There are many clinically successful anti-cancer agents that target pathways involved in cancer initiation and development. However, FDA has estimated that the elimination rate for investigational new drugs entering clinical trials is up to 80%. One feasible approach to raise the success drug discovery in clinical trials is using predictive biomarkers to evaluate the response of tumors to certain drugs.

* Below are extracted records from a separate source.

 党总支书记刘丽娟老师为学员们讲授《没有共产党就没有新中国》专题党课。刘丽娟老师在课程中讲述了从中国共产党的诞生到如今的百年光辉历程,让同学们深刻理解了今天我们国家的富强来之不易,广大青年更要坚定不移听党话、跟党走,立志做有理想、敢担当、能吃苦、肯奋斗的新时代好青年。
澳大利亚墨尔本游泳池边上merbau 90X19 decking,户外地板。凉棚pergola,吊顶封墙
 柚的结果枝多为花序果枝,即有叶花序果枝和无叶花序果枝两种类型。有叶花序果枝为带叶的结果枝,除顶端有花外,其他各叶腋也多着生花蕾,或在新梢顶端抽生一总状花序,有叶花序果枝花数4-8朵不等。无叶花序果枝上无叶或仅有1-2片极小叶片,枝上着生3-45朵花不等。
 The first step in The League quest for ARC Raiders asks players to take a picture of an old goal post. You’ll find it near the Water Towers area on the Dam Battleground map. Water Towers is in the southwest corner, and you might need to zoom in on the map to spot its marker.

Histone deactylase (HDAC), one kind of znic dependent proteases, can remove the acetyl moieties from histones, leading to the reaction between histones and DNA, while blocking the access of transcriptional machinery to the DNA template. Alteration of HDACs has been found in both hematological and solid tumors, which makes it a good anti-cancer target.
So far, three drugs targeting HDAC have been approved and more than 20 are in clinical studies, among which vorinostat (SAHA) was the first approved HDAC inhibitor for clinical treatment of T cell lymphoma by FDA in 2006, romidepsin (FK228) for CTCL in 2009 and resminostat for Hodgkin’s Lymphoma in 2011. Biomarkers elucidating the effect and mechanism of HDAC inhibitors in clinical trials mainly include histone acetylation, induction of p21 and Hsp90, HDAC enzyme activity, gene signatures, HDAC enzymes expression, predictive biomarkers HR23B, tolerances to oxidative stress, and the level of phosphocholine. However, there is still a question that the correlation between the therapeutic response and the biomarkers or any other target proteins was not found precisely.